For the smoking study, Boes and his colleagues looked at data from two groups of patients who were addicted to smoking at the time of focal brain damage. The analysis identified networks that were associated with addiction.

Boes notes that by identifying a network of connected brain regions that are all implicated in addiction, the new study helps tie together earlier findings, which identified different individual regions as important. 

"The new research shows these earlier findings are not discordant by showing that the regions are all part of the same underlying brain network,” he explains. 

In terms of next steps, Boes says he would want to replicate the study with prospective data and evaluate whether the findings can be used to better target addiction related brain circuitry. 

“Brain areas that are already being targeted with neurostimulation to try and treat addiction fall within this network, which is reassuring,” he says. “But we may be able to use this new information to target the circuit even more precisely.”  

In addition to Boes, UI researcher Joel Bruss was also part of the study team.

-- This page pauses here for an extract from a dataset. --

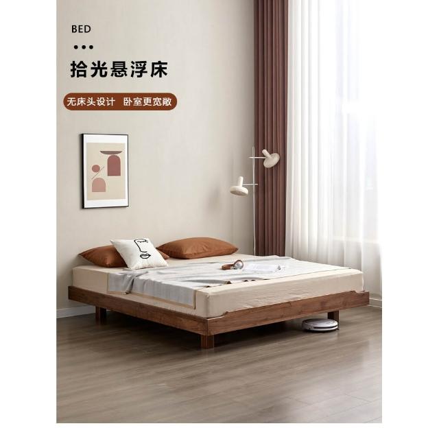 台灣熱銷 免運 北美黑胡桃木全實木懸浮床 無床頭榻榻米矮床架 臥室原木風雙人床 穩固靜音防潮防蟲 小坪數省空間百搭款

The senior study author was Michael Fox, MD, PhD, at Harvard Medical School, and researchers from Beth Israel Deaconess Medical Center in Boston, University of Turku in Finland, the National Institute on Drug Abuse, the National Institute of Alcohol Abuse and Alcoholism, Boston Children’s Hospital, University of Pittsburgh, University of Rochester, Northwestern University, AbilityLab in Chicago, and Philips Healthcare in Cambridge, Mass, were part of the research team.